As previously reported, several members of a Late Show production crew were arrested by U.S. Capitol Police on Friday. During a monologue on Monday night’s show, Colbert addressed the non-incident itself, as well as the ensuing (and in many cases, inaccurate) news attention it received.
“I certainly had an interesting [weekend] because some of my staff had a memorable one,” Colbert said after asking his audience how their respective weekends went. “Here’s what happened. Last week, I heard from my old colleague Triumph the Insult Comic Dog. Triumph offered to go down to D.C. and interview some Congress people to highlight the Jan. 6 hearings. I said, ‘Sure, if you can get anyone to agree to talk to you because—and please don’t take this as an insult—you’re a puppet.’ Well, he did.”
As Colbert explained, Triumph—voiced by Robert Smigel—is a “bipartisan puppy” due to both Republicans and Democrats having agreed to speak with him across a two-day shoot. Per the host, Triumph and the team shot for two days in congressional offices across the street from the Capitol building, meaning they had gone through security clearance.
While handling matters of “last-minute puppetry and jokey make-’em-ups” in a hallway on Thursday night, Triumph and the crew were “approached and detained” by Capitol police. From Colbert’s perspective, all involved were simply doing their jobs, including the involved officers and the Late Show crew.

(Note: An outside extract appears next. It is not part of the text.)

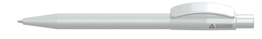 Druckkugelschreiber mit gedeckt mattem Kunststoffgehäuse aus 100% recyceltem Post-Consumer-Kunststoff, glänzendem Bogenclip und Drücker. Das Modell ist mit dem Recyclingzeichen gekennzeichnet. Drücker optional in verschiedenen gedeckt glänzenden Farben (Standard ABS) erhältlich. Dank der europäischen und ClimatePartner-zertifizierten Produktion leistet der uma PIXEL RECY einen zusätzlichen nachhaltigen Beitrag zur Schonung der Umwelt. Aufgrund der Besonderheit des Materials (Post-Consumer Recycled Plastic) sind produktionstechnische Farbschwankungen gegeben.

Stephen talks about last week's non-surrection. pic.twitter.com/6dwPxQfGdG
— The Late Show (@colbertlateshow) June 21, 2022
“My staffers were detained, processed, and released,” he said Monday. “A very unpleasant experience for my staff, a lot of paperwork for the Capitol police. But a fairly simple story until the next night when a couple of the TV people started claiming that my puppet squad had, quote, ‘committed insurrection at the U.S. Capitol building.’”
This framing, Colbert succinctly explained, is wrong on multiple fronts. First, the individuals in question were not in the Capitol building. Additionally, what happened is indeed a far cry from an “insurrection,” as the far-right was pushing this weekend.
“An insurrection involves disrupting the lawful actions of congress and howling for the blood of elected leaders, all to prevent the peaceful transfer of power,” Colbert pointed out. “This was first-degree puppetry, this was hijinks with intent to goof, misappropriation of an old Conan bit.”
And while Colbert agreed it’s “predictable” that certain reporting on the arrests went in this direction, he still considers it a “shameful” diminishing of what happened on Jan. 6 of last year.
“Drawing any equivalence between rioters storming our Capitol to prevent the counting of electoral ballots and a cigar-chomping toy dog is a shameful and grotesque insult to the memory of everyone who died,” Colbert said.